*PROBLEM REQUIREMENTS*.
Repeat the data as given. Images do not go in the copy.

[[ DATA SHOWN, beginning ]]

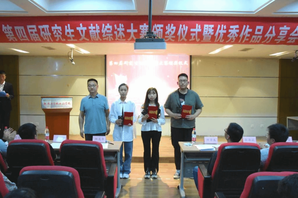 颁奖仪式结束后,获得本届比赛一等奖的三位选手分别进行了分享交流。机电学院李龙同学、化工学院刘姣同学、yl23455永利官网宋泽源同学分别从选题、文献查阅、综述撰写技巧与方法等方面向在场的研究生分享了参赛经验与体会,现场气氛热烈,同学们受益匪浅。
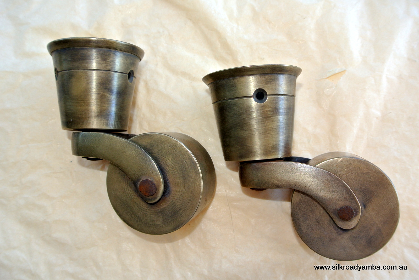 2 solid brass large 3.1/2″ high 9 cm cup Screw 907 Castor Wheel Chair Table Solid Heavy Brass Old Style Look inside top 44 mm ILYA
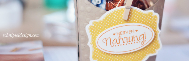 Eine Pommes-frites-Schachtel (auch genannt Fry-Box) voll mit brauchbarer Nervennahrung gab es bei einem meiner Neuen-Katalog-Workshops in Mondsee. Ich seh schon, diese Schachtel hat Potential ein Liebling zu werden 😉 .

[[ DATA SHOWN, end ]]

*TASK OUTPUT*.
 颁奖仪式结束后,获得本届比赛一等奖的三位选手分别进行了分享交流。机电学院李龙同学、化工学院刘姣同学、yl23455永利官网宋泽源同学分别从选题、文献查阅、综述撰写技巧与方法等方面向在场的研究生分享了参赛经验与体会,现场气氛热烈,同学们受益匪浅。
 2 solid brass large 3.1/2″ high 9 cm cup Screw 907 Castor Wheel Chair Table Solid Heavy Brass Old Style Look inside top 44 mm ILYA
 Eine Pommes-frites-Schachtel (auch genannt Fry-Box) voll mit brauchbarer Nervennahrung gab es bei einem meiner Neuen-Katalog-Workshops in Mondsee. Ich seh schon, diese Schachtel hat Potential ein Liebling zu werden 😉 .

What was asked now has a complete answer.